|Subject: SMH: Gusmao gives UN team a serve:
'We don't want a legacy of cars'
Sydney Morning Herald October 10, 2000
Gusmao gives UN team a serve: 'We don't want a legacy of cars'
By MARK DODD
The East Timor independence leader, Mr Xanana Gusmao, has launched a stinging public attack on the United Nations mission, accusing it of failing to engage East Timorese in the transitional process to independence.
In a speech yesterday, which summarised the results of the August national congress of the CNRT (National Council of Timorese Resistance), Mr Gusmao warned of more difficult times ahead for East Timor.
He accused the UN of tokenism, and savaged his political opponents for undermining the development of democracy in East Timor.

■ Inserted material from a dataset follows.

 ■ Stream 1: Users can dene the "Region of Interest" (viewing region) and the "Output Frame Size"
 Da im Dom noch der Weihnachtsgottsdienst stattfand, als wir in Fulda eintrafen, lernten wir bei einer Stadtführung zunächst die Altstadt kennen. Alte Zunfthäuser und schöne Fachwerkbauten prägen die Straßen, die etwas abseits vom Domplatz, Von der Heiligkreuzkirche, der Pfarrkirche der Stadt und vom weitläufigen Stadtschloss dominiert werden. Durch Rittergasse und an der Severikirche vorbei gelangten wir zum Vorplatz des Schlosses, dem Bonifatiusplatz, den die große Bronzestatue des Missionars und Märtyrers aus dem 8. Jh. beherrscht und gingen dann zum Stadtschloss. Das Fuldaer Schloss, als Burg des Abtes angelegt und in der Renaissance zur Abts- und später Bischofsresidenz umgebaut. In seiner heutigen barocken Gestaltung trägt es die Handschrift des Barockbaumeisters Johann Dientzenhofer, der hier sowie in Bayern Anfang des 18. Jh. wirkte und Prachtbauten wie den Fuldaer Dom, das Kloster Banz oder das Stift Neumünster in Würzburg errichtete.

The CNRT grouping, with Mr Gusmao as its elected president, comprises pro-independence bodies and political parties formed to co-ordinate the struggle for independence from Indonesia.
The establishment of an East Timor Transitional Government has diminished its importance although it continues to be an important focus of East Timorese independence aspirations.

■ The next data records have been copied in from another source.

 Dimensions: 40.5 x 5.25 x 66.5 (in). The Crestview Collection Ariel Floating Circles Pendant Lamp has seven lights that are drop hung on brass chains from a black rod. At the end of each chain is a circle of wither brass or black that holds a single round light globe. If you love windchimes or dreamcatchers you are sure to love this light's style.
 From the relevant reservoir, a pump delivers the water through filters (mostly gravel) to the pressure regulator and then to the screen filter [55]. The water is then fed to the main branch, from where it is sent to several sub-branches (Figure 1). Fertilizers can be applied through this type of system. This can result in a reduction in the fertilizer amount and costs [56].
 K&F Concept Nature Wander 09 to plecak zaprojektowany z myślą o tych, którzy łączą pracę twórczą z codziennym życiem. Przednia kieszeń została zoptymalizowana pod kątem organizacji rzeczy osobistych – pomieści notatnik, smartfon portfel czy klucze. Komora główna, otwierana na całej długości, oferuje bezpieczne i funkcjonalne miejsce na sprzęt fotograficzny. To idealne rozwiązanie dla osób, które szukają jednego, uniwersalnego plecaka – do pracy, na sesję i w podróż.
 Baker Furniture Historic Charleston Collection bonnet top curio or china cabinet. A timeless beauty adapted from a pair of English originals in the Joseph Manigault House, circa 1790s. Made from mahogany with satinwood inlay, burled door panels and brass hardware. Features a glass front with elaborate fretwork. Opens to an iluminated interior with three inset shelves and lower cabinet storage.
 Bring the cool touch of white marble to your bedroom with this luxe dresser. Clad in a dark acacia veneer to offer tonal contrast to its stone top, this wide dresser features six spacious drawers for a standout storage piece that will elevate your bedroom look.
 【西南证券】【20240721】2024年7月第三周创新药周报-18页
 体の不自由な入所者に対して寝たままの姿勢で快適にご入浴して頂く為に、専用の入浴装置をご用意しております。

"We are not interested in a legacy of cars and laws, nor are we interested in a legacy of development plans for the future designed by [people] other than East Timorese," Mr Gusmao said in a reference to the hundreds of white UN four-wheel-drive vehicles seen around Dili and the succession of regulations being passed by the UN transitional administration in East Timor.
"We are not interested in inheriting an economic rationale which leaves out the social and political complexity of East Timorese reality.
"Nor do we wish to inherit the heavy decision-making and project implementation mechanisms in which the role of the East Timorese is to give their consent as observers rather than the active players we should start to be."
The freewheeling lifestyles of UN international staff and expatriates enjoying high salaries and allowances was contrasted with the poor living conditions of most East Timorese still recovering from last year's militia violence, which left most of the country looking like a war zone.
"We will not yield to hardship just because we are aware of other institutions that can pay their staff handsomely and offer numerous benefits," he said.
Mr Gusmao's political opponents in the Timor Democratic Union and Fretilin parties were singled out for a lashing.
Noticeably absent from the meeting was Mari Alkatiri and Lu'olo, the senior officials from Fretilin, East Timor's biggest political party.